A year of false starts
The 28‑meter, two‑stage Spectrum was first wheeled to the pad at Andøya early this year. The initial January attempt was halted by a technical glitch. In March a Norwegian fisherman failed to leave the safety zone in time, forcing teams to stand down. April’s try was cut short when engineers suspected leaks in a composite‑overwrapped pressure vessel (COPV). Monday’s scrub is the fourth postponement, all of them stretching a debut orbital mission that was supposed to happen months ago.
- First attempt scrubbed due to a technical problem.
- Second attempt halted when a fisherman failed to leave the safety zone.
- Third try aborted after suspicion of a COPV leak.

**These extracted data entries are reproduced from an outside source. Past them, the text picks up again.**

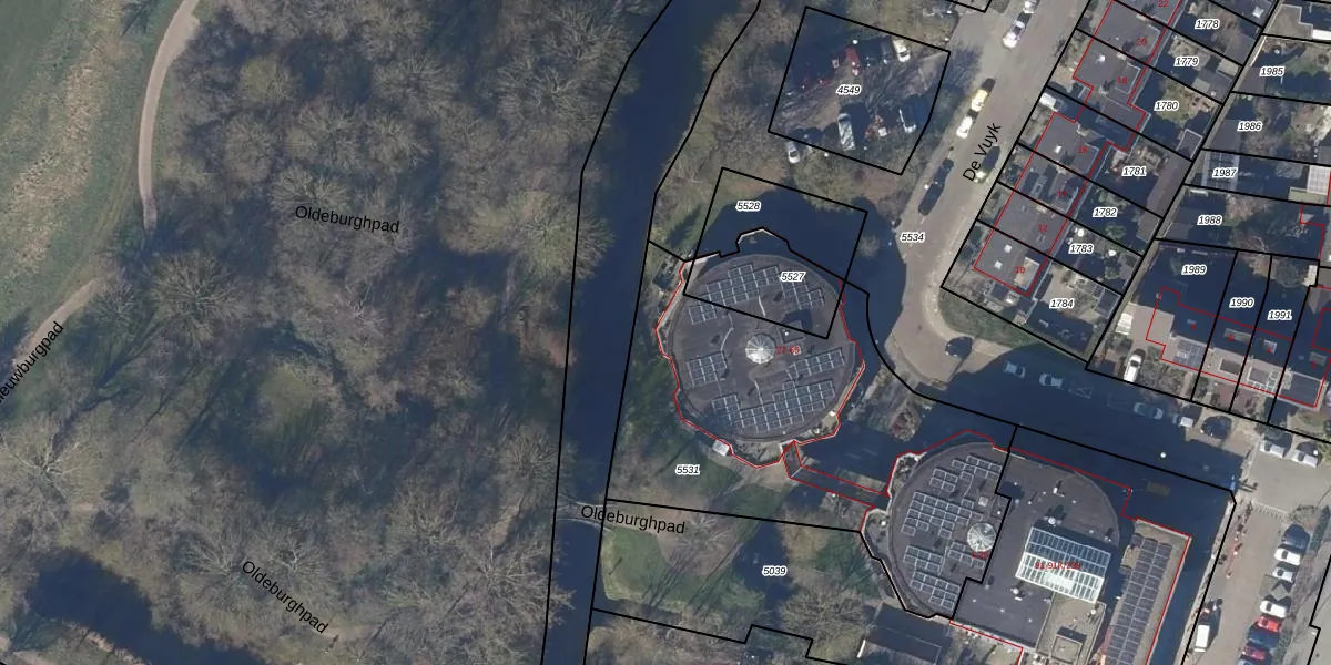 Het perceel waarop De Vuyk 63 staat heeft een oppervlakte van 1812 m². Dit is een zeer groot perceel. De perceeloppervlakte wordt geregistreerd door het Kadaster. Gedetailleerde informatie over de maten van dit perceel kunt u vinden in het rapport Kadastrale kaart met maatvoering van De Vuyk 63.
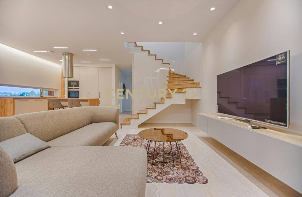 1ο επίπεδο/4ος όροφος: Open plan σαλονοκουζίνα με τζάκι, 1 WC επισκεπτών, 1 master υ/δ και μπαλκόνι με ιδιωτική πισίνα.
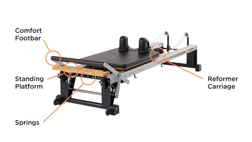 Στο διάγραμμα φαίνονται κάποια από τα βασικά στοιχεία ενός Pilates Reformer, συμπεριλαμβανομένων των Comfort Footbar, Standing Platform, Ελατηρίων και Reformer Carriage.
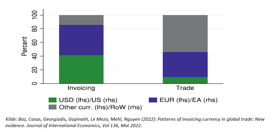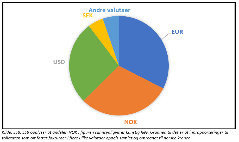 Godt i tråd med dette beskriver figur 2 at USD og euro er mye brukt som oppgjørsvaluta ved import til Norge. Prisen settes med andre ord som oftest ikke i norske kroner i de handlene vi gjør med andre land. Hvis importpriser i USD eller i euro i neste omgang hadde nådd helt ut til detaljhandelsnivå her i Norge, ville priser i kroner på varer som hadde høyt importinnhold beveget seg kontinuerlig i takt med valutakursen. Hvis dette gjaldt mange varer, ville norske kroner fungert dårlig som måleenhet og verdioppbevaring. Slik er det ikke: bedrifter stiller priser i norske kroner (og det er nok dessuten påkrevet i lys av markedsføringsloven), og det er i praksis treghet i hvor ofte prisene i kroner justeres (tregheten varierer på tvers av varer og over tid).

- Fourth scrub: fluid system malfunction forces abort minutes before liftoff.
Europe’s launch gap
The repeated delays matter beyond one startup. Europe currently has little ability to loft satellites with its own hardware. Most European spacecraft ride on SpaceX’s Falcon 9. Isar Aerospace is one of several German firms (others include Rocket Factory Augsburg and HyImpulse) racing to fill that gap. The European Space Agency backs the effort, and Chancellor Friedrich Merz underlined the political weight by visiting the Andøya site on 13 March 2026 alongside Norwegian Prime Minister Jonas Gahr Støhre.
Orders despite no flight
Isar Aerospace was founded in 2018 and has raised more than €500 million. It plans to build 40 Spectrum rockets a year at its Ottobrunn plant near Munich. The company says it is already fully booked with orders worth several hundred million dollars through 2028, even though the rocket has yet to reach series production. The first test flight in March 2025 performed as intended: the Spectrum launched successfully, flew for 30 seconds, and then plunged into the sea on schedule – the first ever orbital rocket launch from continental Europe outside Russia.